John Golden: Freelance Debugger is a short urban fantasy novella by Django Wexler, published by Ragnarok Publishing, and the first book in what I hope is a lengthy new series. It is a very different beast compared to his epic fantasy, The Thousand Names, but it is no less accomplished, and I can't wait to read more.
John Golden works in IT, he is a debugger, and his job is to delve into computer networks and eliminate fairy infestations. When I say he delves into computer networks, I mean that he can move himself into a different dimension called a burrow where the network and the fairy infestation are manifested as a sword and sorcery medieval world, and once inside the burrow he can get to work exterminating the fairy presence. It’s kind of like The Matrix meets A Midsummer Night's Dream. In this book, John has been hired by an IT security company to sort out a particularly nasty burrow that somehow got past their firewall. It is an unusual case for Golden right from the start, and as things start to get weirder, they also start to get a lot more dangerous.
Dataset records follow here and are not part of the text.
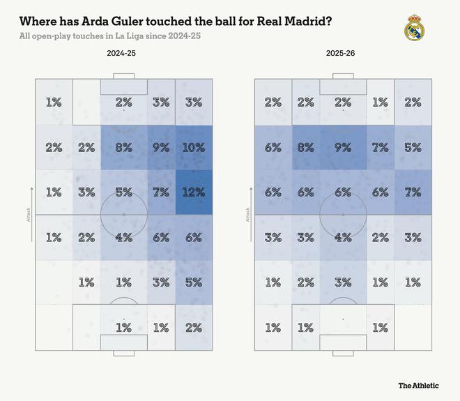 居莱尔的境遇转变,从出场时间上就能清晰体现。阿隆索在执教勒沃库森时,就曾希望签下当时效力于费内巴切的这位土耳其新星;如今在阿隆索麾下,居莱尔是皇马队内出场次数第六多的球员,而在安切洛蒂执教的最后一个赛季,他仅排在第17位。
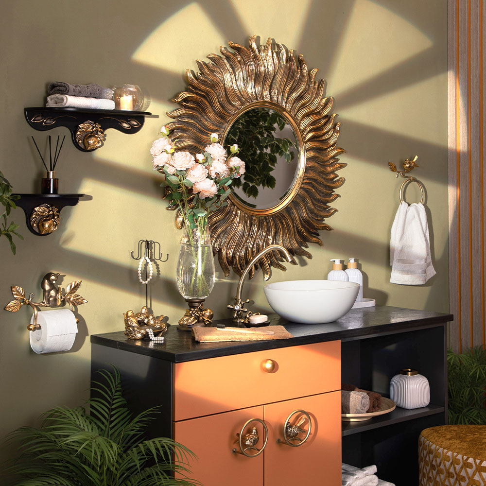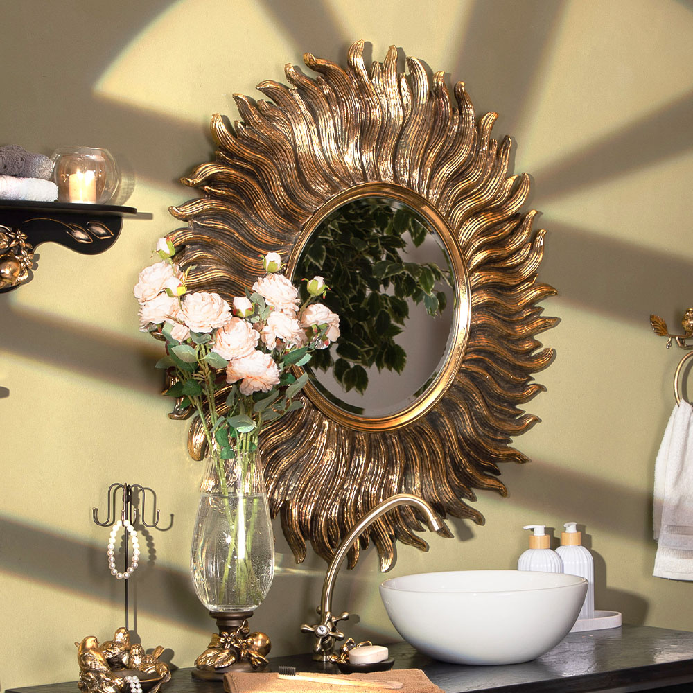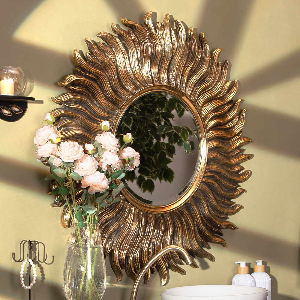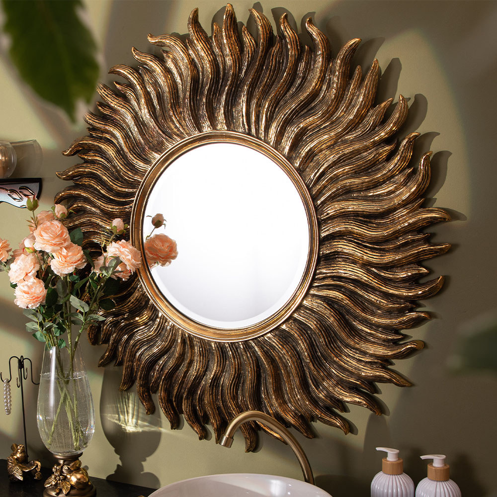 Пусть всегда будет солнце!Хорошо, когда светит солнце! Его лучи воодушевляют и заставляют радоваться жизни. Отлично иметь собственное солнце в интерьере! Оно тоже может стать источником хорошего настроения, вдохновения, особенно, если оно такое красивое и необычное, как это зеркало. Оригинальное дизайнерское решение, стильный, притягательный и невероятно атмосферный предмет мебели. Зеркало «Солнце» будто сошло со страниц произведений Александра Пушкина или пришло к нам из народных сказок. Впрочем, каждый может найти свой собственный смысл, свое определение, ведь это зеркало является частью одной из самых удивительных коллекций BOGACHO!
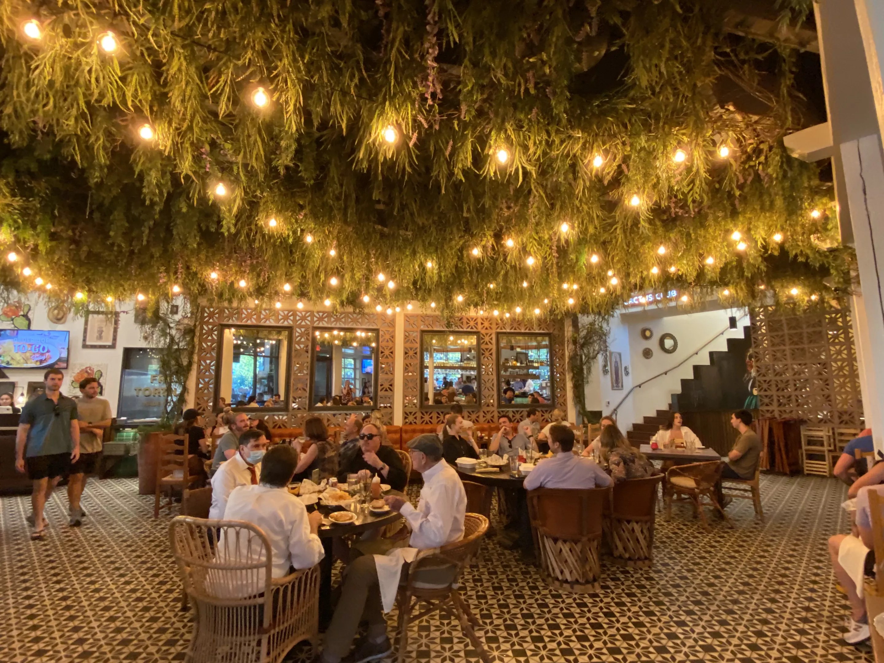 The walls are adorned with mirrors, photos, paintings and trinkets. The restaurant displays various styles and colors of tile throughout. The chairs vary from table-to-table with wicker, wooden and plush leather upholstery at the bar. The party doesn’t stop there, the dining room is relatively small, but the patio is huge.
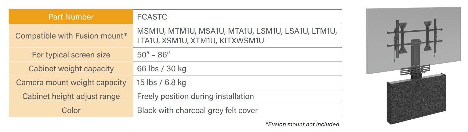 The Fusion Storage Cabinet accessory responds to modern AV applications that need an aesthetic front-serviceable AV storage solution when installing small devices behind the display is not an option. Designed with flexibility and convenience in mind, the Fusion Storage Cabinet (FCASTC) seamlessly integrates with Chief's acclaimed award-winning Fusion wall mounts. The cabinet allows for customizable height positioning beneath the display while eliminating the need for wall-mounting. Experience convenience and aesthetic appeal with Chief's Fusion Storage Cabinet Accessory.
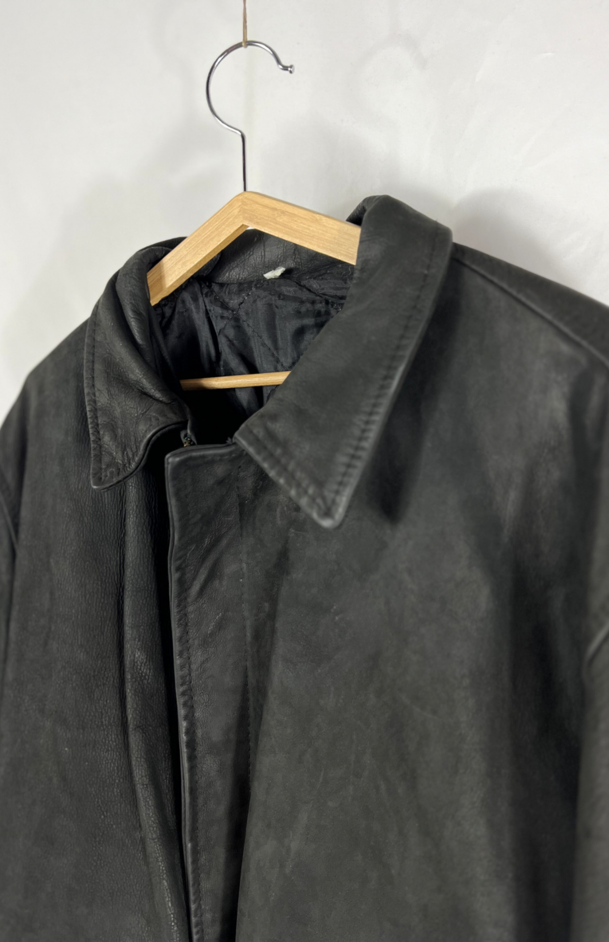 Vintage černá bunda ze silné matné kůže. Velmi pěkně zpracovaný, silný těžký kousek. Má límeček a výrazné kapsy s klopou. Uvnitř drobné kapsy se zipem. Pěkný detail s kovovou sponou. Pánská / oversize unisex.
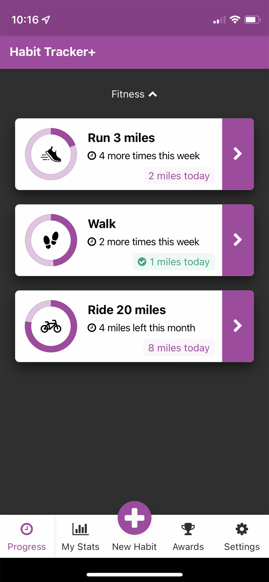 Turning activities into a habit is easy with Habit Tracker+. Simply add your new habit, create a schedule and be reminded each to track your results. After 2 weeks your activity turns into a habit. After 90 days your habit turns into a positive lifestyle change.
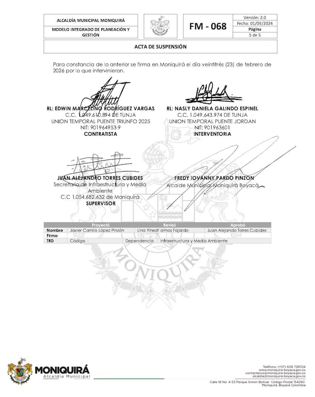Según el acta de suspensión de la obra, la cual se suscribió el martes 23 de febrero de 2026, se acordó:
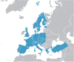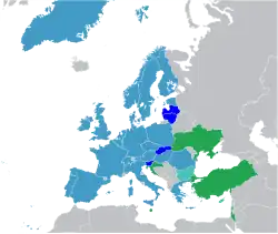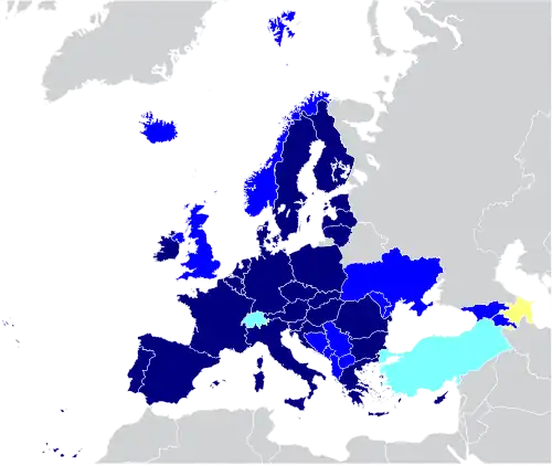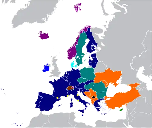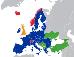The following table shows the status of each state membership to the different agreements promoted by the EU. It lists 47 countries, including the 27 EU member states, 9 candidate states, 3 members of the EEA and Switzerland, Kosovo which has applied for membership, 4 microstates, and the United Kingdom and Armenia as special cases.
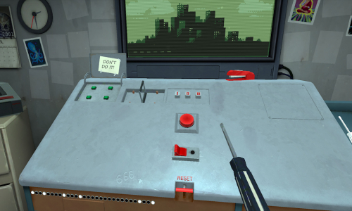 Please Don't Touch Anything 3D — это головоломка, в которой нужно найти способы нажатия на красную кнопку, которая активирует ядерную боеголовку.
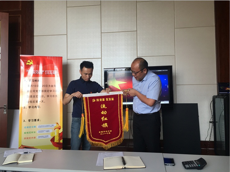 為更好的加強(qiáng)金海岸公司全體黨員的使命感、榮譽(yù)感和責(zé)任感,8月10日下午金海岸黨支部舉行了“強(qiáng)黨建 促發(fā)展”流動(dòng)紅旗評(píng)比活動(dòng)授旗儀式。
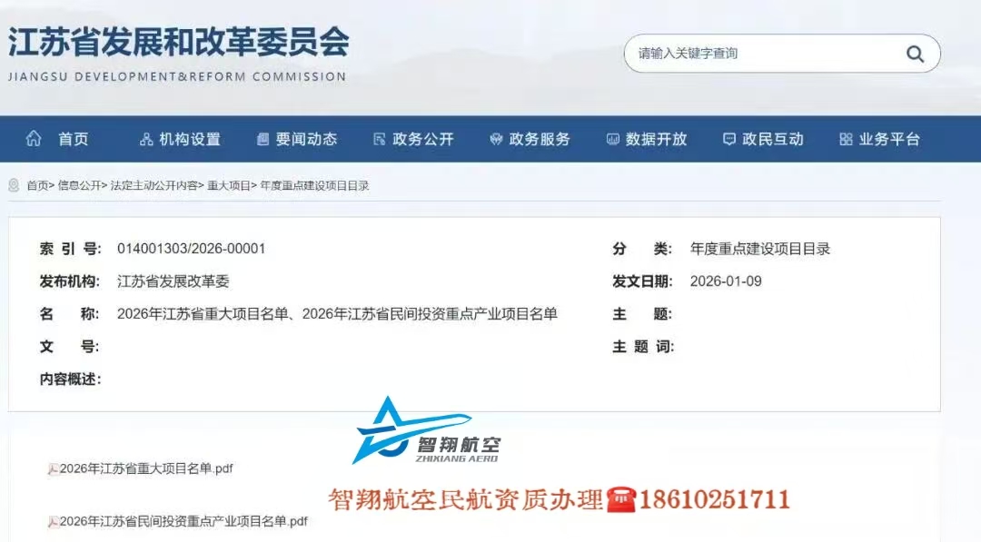 1月9日,江苏省发改委发布了2026年江苏省重大项目清单和省民间投资重点产业项目清单,其中,在《2026年江苏省重大项目清单》中,苏州通用机场新建工程、南通新机场、扬州邗航通用机场、南京禄口国际机场三期工程等在列。
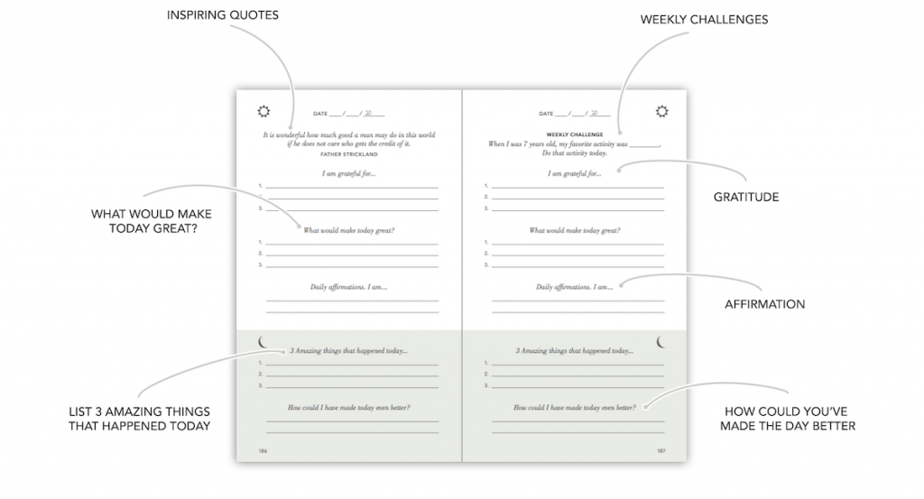 Over five-years ago, a member of my “circle of trust” shared her experience using the journal. She took it out of her bag, showing us the well-worn pages in the front half with the soon-to-be filled out daily pages that followed. “Everyone has five minutes,” she argued. ”And really, it’s only three in the morning and two at night.” Then, she said: “It’s worth it. I promise.”
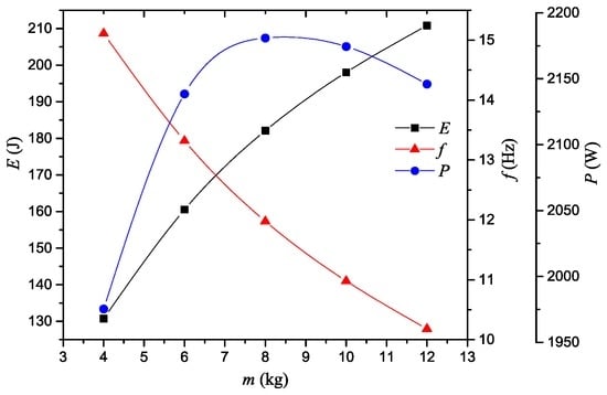 Figure 9 shows the computation results of the group including Cases 1, 10, 11, 12, and 13. As the mass of the impact body increases, the single-impact energy of the impact body increases while the impact frequency decreases. The output power of the fluidic hammer does not vary monotonically, and there exists a maximum value at m = 8 kg. In this group of computation cases, the cases of m = 8 kg or 10 kg shows better performance of the fluidic hammer, as both of their single-impact energy and output power is relatively high.

This book is full of lots of geeky / nerdy / pop-culture references and plays on words (like when John Golden learned how to program in KOBOLD). The humour is quite dry and understated, constructed from observations of how IT support is largely treated. This book has also been written in a unique way with the main character's sister providing something similar to director's commentary as small footnotes that pop-up from time to time as the story progresses. Kind of like the footnotes that Terry Pratchett uses in his Discworld books. I feel like the footnotes are a little too frequent and slightly jarring at the start of the book, but after reaching the first quarter mark they started to feel much more like a natural extension of the story.
John Golden: Freelance Debugger is a fast read with a great style and a unique spin on incorporating the fairy realm into our own. If you have ever worked in IT or if you enjoy watching The IT Crowd, then I think you will really get a kick out of this book.